To define access credentials:

  1. Go to the AWS Management Console.
  1. Navigate to the IAM (Identity and Access Management) service.
  1. Create a new user or use an existing one.
  1. Attach a policy that grants access to your S3 Vectors buckets.
  1. After creating the user, download or copy the Access Key ID and Secret Access Key into a temporary location.

Also review the other security settings in your bucket.

Details on IAM policies related to S3 Vectors can be found at
https://docs.aws.amazon.com/AmazonS3/latest/userguide/s3-vectors-iam-policies.html and https://docs.aws.amazon.com/AmazonS3/latest/userguide/s3-vectors-access-management.html.

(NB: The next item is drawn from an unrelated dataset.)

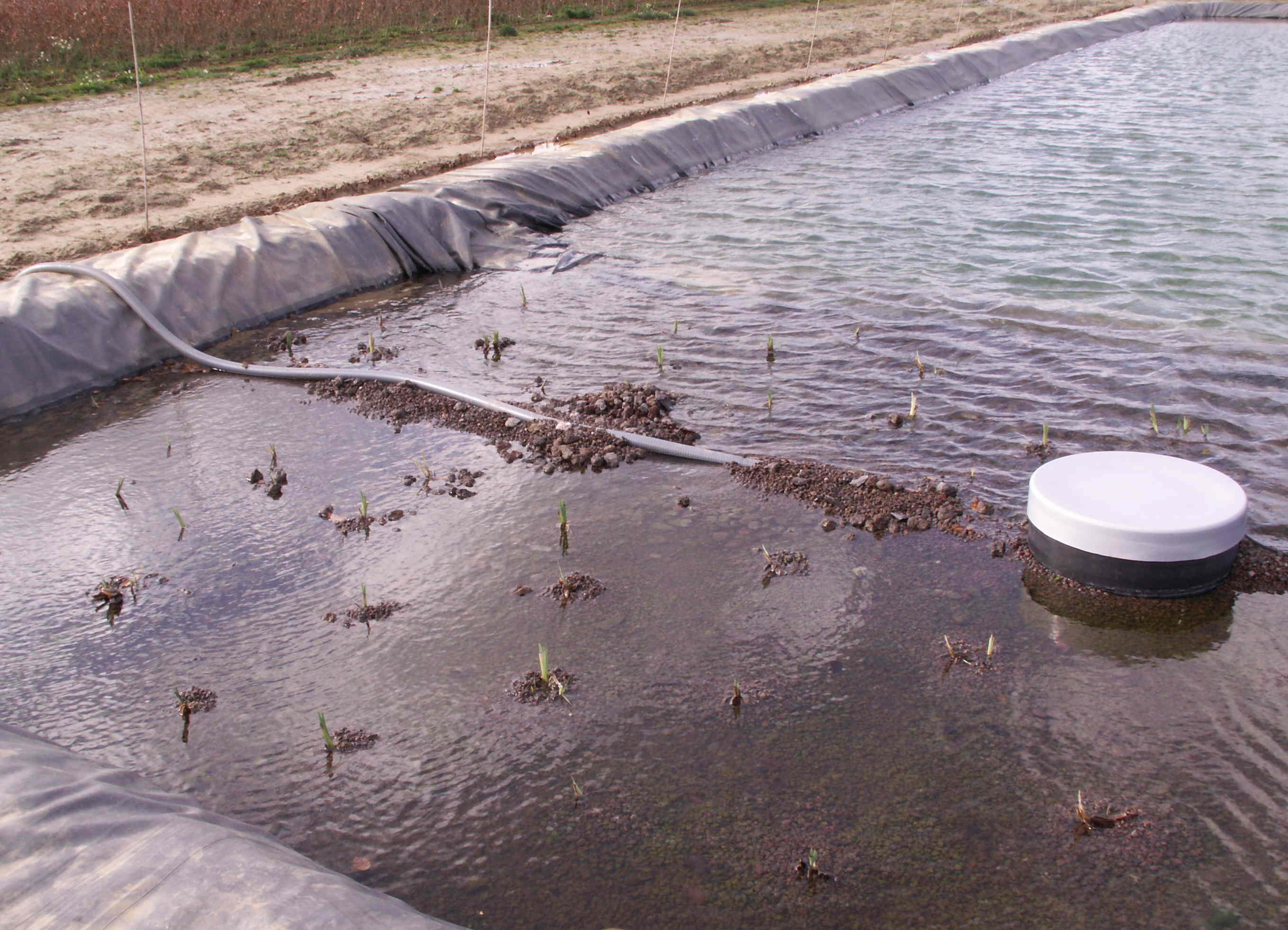 A constantly submerged lavafilter, used frequently in agricultural companies to allow a constant and pure water source for irrigation. The lavastone mass with waterpurifying-plants (Iris pseudacorus) is correctly dimensioned at 1/4th of the water mass.

The table below lists many of the related S3 Vectors scopes of interest.

Action Qarbine Usage
GetIndexRequired
GetVectorBucketRequired
GetVectorBucketPolicyRequired
GetVectorsRequired
QueryVectorsRequired
ListIndexesRequired
ListVectorBucketsRequired
ListVectorsRequired
Create*Not accessible
Delete*Not accessible
Put*Not accessible

You can configure Qarbine to only present a single bucket in the tools or all those accessible to the associated IAM sign on. A listing of your S3 Vectors buckets can be seen on the AWS Console by navigating to the highlighted option shown below.

  

Qarbine Configuration

Compute Node Preparation

Determine which compute node service endpoint you want to run this data access from. That URL will go into the Data Service’s Compute URL field. Its form is “https://domain:port/dispatch”. A sample is shown below.

  

The port number corresponds to a named service endpoint configured on the given target host. For example, the primary compute node usually is set to have a ‘main’ service. That service’s configuration is defined in the ˜./qarbine.service/config/service.main.json file. Inside that file the following driver entry is required

"drivers" :[
. . .
"./driver/awsS3VectorsDriver.js"
]

The relevant configuration file name for non primary (main) Qarbine compute nodes is service.NAME.json. Remember to have well formed JSON syntax or a startup error is likely to occur. If you end up adding that entry then restart the service via the general command line syntax

pm2 restart <service>

For example,

pm2 restart main

or simply

pm2 restart all

Data Service Definition

Open the Administration Tool.

Navigate to the Data Services tab.

  

A data service defines on what compute node a query will run by default along with the means to reach to target data. The latter includes which native driver to use along with settings corresponding to that driver. Multiple Data Sources can reference a single Data Service. The details of any one Data Service are thus maintained in one spot and not spread out all over the place in each Data Source. The latter is a maintenance and support nightmare.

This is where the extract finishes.